Ex Machina alum Oscar Isaac plays Victor Frankenstein in Guillermo del Torro's adaptation of Mary Shelley's classic novel Frankenstein.Netflix
Frankenstein
Directed by Guillermo del Toro
Written by Guillermo del Toro, based on the novel by Mary Shelley
Starring Oscar Isaac, Jacob Elordi and Mia Goth
Classification N/A; 150 minutes
Opens in select theatres Oct. 17; streaming on Netflix starting Nov. 7
Isaac as Victor Frankenstein, stares at Jacob Elordi, as the Creature.Netflix
Doctor Victor Frankenstein and Guillermo del Toro are not so unlike. Each man is an unfettered genius, employing loyal servants in decades-long pursuits that others might dub extreme, even mad.
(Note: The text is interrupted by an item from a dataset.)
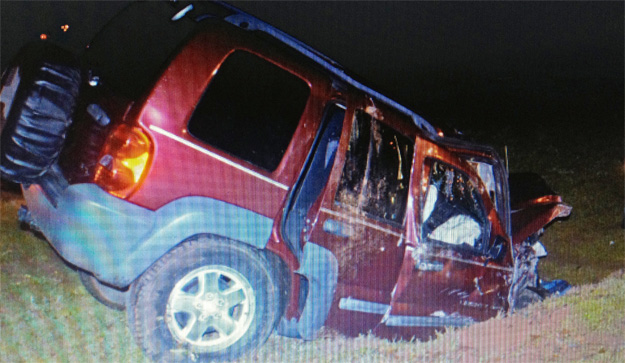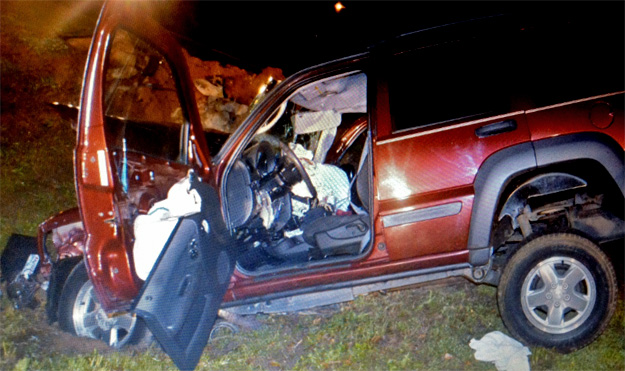 Mark Allen Ships, Jr. was traveling west on Molino Road near Chestnut Road about 3:30 a.m. on March 24 when he crossed over the eastbound lane and onto the shoulder. He continued on the shoulder until he struck a cement culvert and cement embankment with the front of his 2002 Jeep Liberty.

But whereas Victor eventually comes to realize the fatal folly of his ways, that there is a damned kind of danger in making monsters, Guillermo continues to press ahead, pushing just past the point of no return with his cinematic nightmares until they become as all-consuming as they are, simply, exhausting.
Such is the case with Del Toro’s equal parts lavish and ghoulish adaptation of Mary Shelley’s Frankenstein, a novel whose timeless themes are not so much enlivened by the director’s new movie but driven deep into the cold, dead ground by a filmmaker who has mined the gothic classic for decades prior. The Shape of Water, Pacific Rim, Hellboy, even Blade II – we’ve all watched Del Toro dissect the “who is the real monster?” question for decades now, often to sincerely enchanting effect. But it is only now, once he finally got his devilishly idle-no-more hands on the urtext for his entire filmography, that Del Toro’s monstrous machinations fail to startle or excite.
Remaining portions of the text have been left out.